2.3. Field Experiment

The chosen DMA was newly constructed and verified through preliminary experiments to have almost no leakage phenomena. The DMA was supplied by two DN65 pipelines, each equipped with a DN65 water meter, referred to as the main water meters. These supply pipes were connected to 18 DN15 branch pipes, each fitted with a DN15 water meter, referred to as the branch water meters.

3. Results and Discussion

3.1. Factors Affecting Water Meter Measurement Error Patterns

3.1.1. Manufacturer

As shown in Figure 1a–c, using Q₂ as the dividing point, when the test flow rate was less than Q₂, all three manufacturers’ new water meters exhibited a large number of negative errors, while at flow rates greater than Q₂, the errors were predominantly positive. These negative errors were caused by the measurement principle of the rotary vane water meter, which relies on water impacting the impeller to drive its rotation and start the water meter counter. When the flow rate is very low, the water meter counter will undercount or not count at all.
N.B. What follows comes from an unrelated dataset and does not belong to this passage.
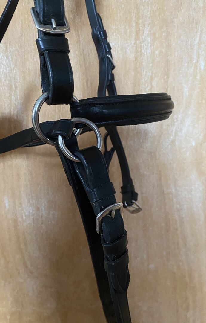 Claridge House Bitless Bridle - Sidepull Size COB - The horse-friendly bitless bridle is easy to put on like a stable halter, but versatile and differentiated in effect. Made of supple leather. Neck, brow and noseband are softly padded. With easy-grip web reins. Original price 65€ Material info & features: Softly lined Horse friendly Grip web reins Versatile in effect Bridle was tried by us for our young horse a few times, but she did not like the lead under the chin. We have now switched to plain sidpull. Unfortunately our youngster caught the halter once and chewed on it, these are the traces on the two close-up pictures. Are just small blemishes unfortunately. Otherwise like new!

3.1.2. Installation Location

Although metering errors do not change significantly with the installation position at the same test flow rate, it can still be observed from Figure 1d–f that the error was smallest when the water meters from different manufacturers were installed at a position ten pipe diameters away from the preceding elbow and five pipe diameters away from the following elbow. This suggests that the installation location can have an impact on the performance of water meters, and it is important for water meter installation guidelines to consider such factors to ensure the accuracy and reliability of water usage measurements.

3.1.3. Tilt Angle

As shown in Figure 1g–i, taking the test flow rate Q₂ as an example, within the 0 to 90° angle, the errors of all three water meters increased to varying degrees with the increase in tilt angle, eventually exceeding the “funnel” area and failing to meet the metering error requirements. The same pattern was observed at other test flow rates that were affected by the tilt angle. Therefore, if a water meter operates at a non-standard tilt angle, the measured values may deviate significantly from the true values, potentially exceeding the maximum allowable error range.

3.1.4. Operating Time

As shown in Figure 1j, pass rate does not follow an ideal linear relationship of decreasing with increased operating time. It is undeniable that even as operating time increases, the pass rates may rebound somewhat, but they still cannot exceed the initial pass rates when the meters were first put into operation. The overall trend at various test flow rates is still a decrease in pass rates with increased operating time.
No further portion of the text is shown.